E questo a prescindere dalle mille esperienze sovrasensibili che, chi più o chi meno, molti protagonisti di attività estreme hanno sperimentato. Non è questo il fine. Allo stato attuale della nostra condizione terrena, in un momento drammatico come quello che stiamo attraversando e che è caratterizzato da uno spegnimento progressivo della luce della coscienza dell’Io a causa della dipendenza sempre più accentuata dall’uso di droghe (cannabis, cocaina, alcool, psicofarmaci), o dalla fiducia nel Racconto Dominante spacciato dalla stampa mainstream, e infine dall’uso indiscriminato del Web (su cellulari e personal computer), la scomoda verità è che il “Volere” dell’uomo moderno contemporaneo è fiaccato, indebolito, condizionato e vanificato nel suo potenziale.

Ma se anche è vero che il cammino spirituale adeguato all’uomo di questa epoca deve necessariamente iniziare dal pensare (come resurrezione del pensare dialettico-astratto-cerebrale a un pensare vivente liberatosi dalla riflessità nel sistema neuro-sensoriale) è pur vero che tale impresa necessita un pur minimo accesso alla volontà.

Nella pratica interiore, la concentrazione e la meditazione esigono oggi più che mai un volere estremo che sostenga il pensare nel superamento dei propri limiti. In tal senso non penso minimamente che le performance di Alex, o chi per lui, possano rappresentare una vera e propria necessità. Piuttosto esse corrispondono al destino (o karma) di alcuni uomini e donne straordinari, che non sono folli solo perché mettono a repentaglio la propria vita in attività estreme che la coscienza collettiva non concepisce. Né, al contrario, possono essere considerati modelli da emulare… o almeno non necessariamente.

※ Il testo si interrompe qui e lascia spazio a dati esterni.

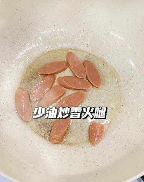 3:锅底稍微烧热,加入少许猪油和植物油,油的温度要热了,放入火腿肠块,快速翻炒几下,火腿肠等炸好。微微泛红。

Anche se Alex, a dire la verità sembra proprio essere adombrato da un archetipo: la genuina purezza e semplicità della sua coscienza, la modestia che lo contraddistingue, l’amicizia che lo lega i propri compagni e lo struggente amore “impersonale” della sua giovane donna sembrano infatti evocare la figura del Parsifal (il Puro Folle).

Come che sia…quello che invece va afferrato è il significato profondo del loro operato: la tensione estrema della loro volontà, il valore delle loro motivazioni più profonde e la capacità di donare tutto di sé stessi pur di raggiungere lo scopo.

Di questo abbiamo bisogno. Di questa volontà temprata al limite dell’impossibile, affinché un giorno questa forza possa aprire le porte dell’anima alla penetrazione dell’Io Spirituale sullo scenario del mondo terreno.

Chissà?… forse Alex e la manciata di giovani uomini e donne che praticano attività estreme sono fra i tanti altri guerrieri dei quali in un’epoca futura, più o meno lontana, questa umanità stremata dalla perdita di tutti i Valori Spirituali avrà bisogno per realizzare la propria superiore natura.